Chung Kaitlin H, Park Susanna B, Streckmann Fiona, Wiskemann Joachim, Mohile Nimish, Kleckner Amber S, Colloca Luana, Dorsey Susan G, Kleckner Ian R
Department of Surgery, Wilmot Cancer Institute, University of Rochester Medical Center, 265 Crittenden Blvd., Box CU 420658, Rochester, NY 14642, USA.
Faculty of Medicine and Health, School of Medical Sciences, Brain and Mind Centre, The University of Sydney, Sydney, NSW 2006, Australia.
Cancers (Basel). 2022 Feb 26;14(5):1224. doi: 10.3390/cancers14051224.
Chemotherapy-induced peripheral neuropathy (CIPN) is an adverse effect of neurotoxic antineoplastic agents commonly used to treat cancer. Patients with CIPN experience debilitating signs and symptoms, such as combinations of tingling, numbness, pain, and cramping in the hands and feet that inhibit their daily function. Among the limited prevention and treatment options for CIPN, exercise has emerged as a promising new intervention that has been investigated in approximately two dozen clinical trials to date. As additional studies test and suggest the efficacy of exercise in treating CIPN, it is becoming more critical to develop mechanistic understanding of the effects of exercise in order to tailor it to best treat CIPN symptoms and identify who will benefit most.
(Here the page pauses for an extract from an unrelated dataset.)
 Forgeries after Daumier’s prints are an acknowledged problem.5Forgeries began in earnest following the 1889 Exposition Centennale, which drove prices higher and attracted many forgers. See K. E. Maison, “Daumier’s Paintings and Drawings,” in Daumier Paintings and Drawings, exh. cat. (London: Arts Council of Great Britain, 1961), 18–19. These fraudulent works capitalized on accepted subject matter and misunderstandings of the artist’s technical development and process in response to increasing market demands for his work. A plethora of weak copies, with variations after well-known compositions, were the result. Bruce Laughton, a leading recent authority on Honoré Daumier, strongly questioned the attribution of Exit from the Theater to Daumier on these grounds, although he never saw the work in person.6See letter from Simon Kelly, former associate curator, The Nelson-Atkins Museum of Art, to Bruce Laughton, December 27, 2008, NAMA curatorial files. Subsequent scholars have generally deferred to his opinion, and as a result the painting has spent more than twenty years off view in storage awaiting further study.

To address the current lack of clarity around the effect of exercise on CIPN, we reviewed the key potential mechanisms (e.g., neurophysiological and psychosocial factors), mediators (e.g., anti-inflammatory cytokines, self-efficacy, and social support), and moderators (e.g., age, sex, body mass index, physical fitness, exercise dose, exercise adherence, and timing of exercise) that may illuminate the relationship between exercise and CIPN improvement. Our review is based on the studies that tested the use of exercise for patients with CIPN, patients with other types of neuropathies, and healthy adults. The discussion presented herein may be used to (1) guide oncologists in predicting which symptoms are best targeted by specific exercise programs, (2) enable clinicians to tailor exercise prescriptions to patients based on specific characteristics, and (3) inform future research and biomarkers on the relationship between exercise and CIPN.
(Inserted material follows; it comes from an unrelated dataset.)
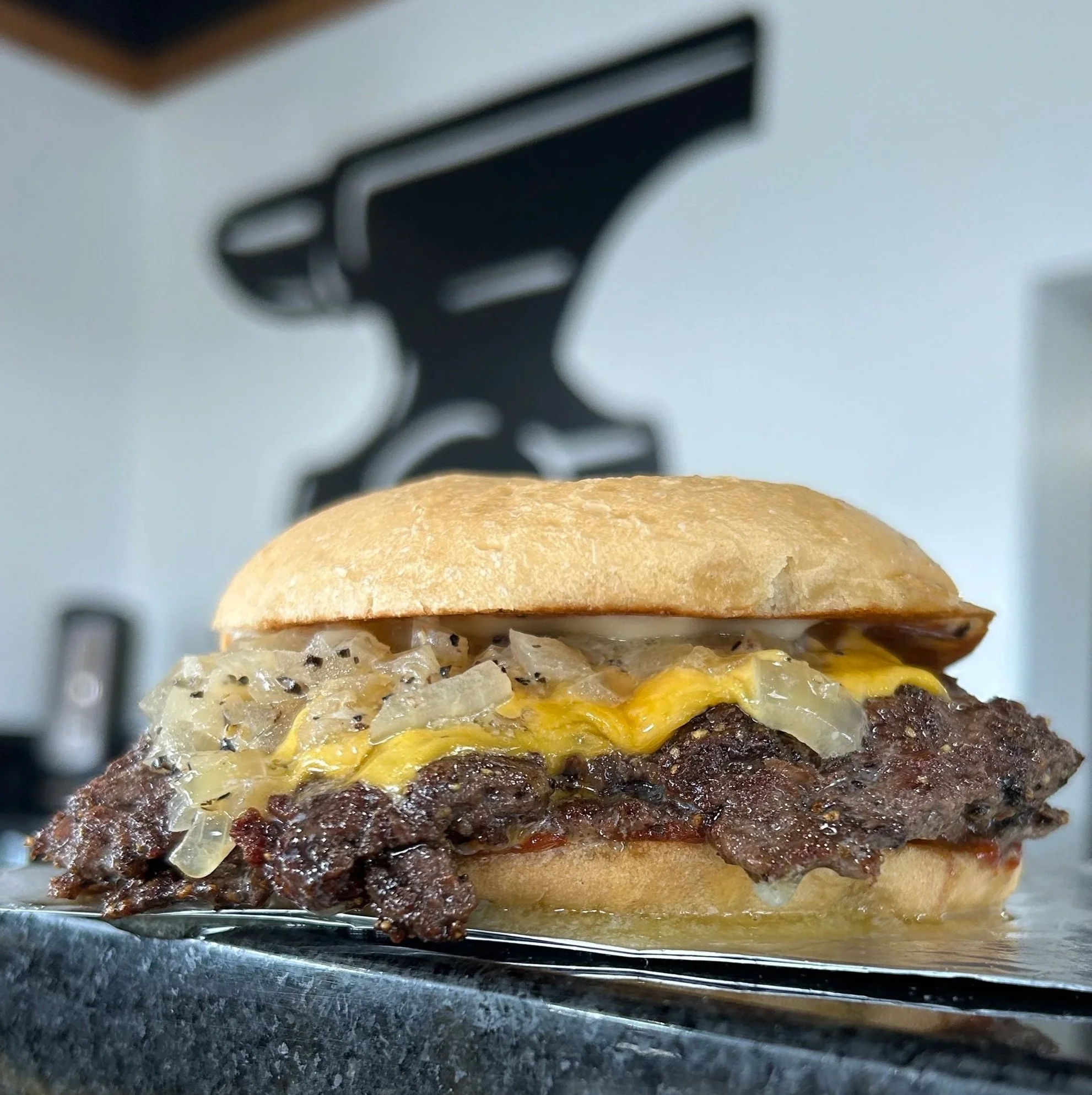 SEVEN HILLS BEEF PATTY, AMERICAN CHEESE, BUTTER, STEWED ONIONS, KETCHUP

化疗引起的周围神经病变(CIPN)是常用于治疗癌症的神经毒性抗肿瘤药物的一种不良反应。患有CIPN的患者会出现使人衰弱的体征和症状,例如手脚出现刺痛、麻木、疼痛和抽筋等多种症状组合,这些症状会影响他们的日常功能。在CIPN有限的预防和治疗选择中,运动已成为一种有前景的新干预措施,迄今为止已有大约二十多项临床试验对其进行了研究。随着更多研究测试并表明运动对治疗CIPN的疗效,深入了解运动效果的作用机制变得愈发关键,以便对运动进行调整,从而更好地治疗CIPN症状,并确定谁将从中获益最大。为了澄清目前关于运动对CIPN影响的不明确之处,我们综述了关键的潜在机制(如神经生理学和社会心理因素)、介导因素(如抗炎细胞因子、自我效能感和社会支持)以及调节因素(如年龄、性别、体重指数、身体素质、运动剂量、运动依从性和运动时间),这些因素可能有助于阐明运动与CIPN改善之间的关系。我们的综述基于对CIPN患者、其他类型神经病变患者以及健康成年人进行运动测试的研究。本文所呈现的讨论内容可用于:(1)指导肿瘤学家预测哪些症状最适合通过特定的运动方案来靶向治疗;(2)使临床医生能够根据患者的具体特征量身定制运动处方;(3)为未来关于运动与CIPN关系的研究和生物标志物提供信息。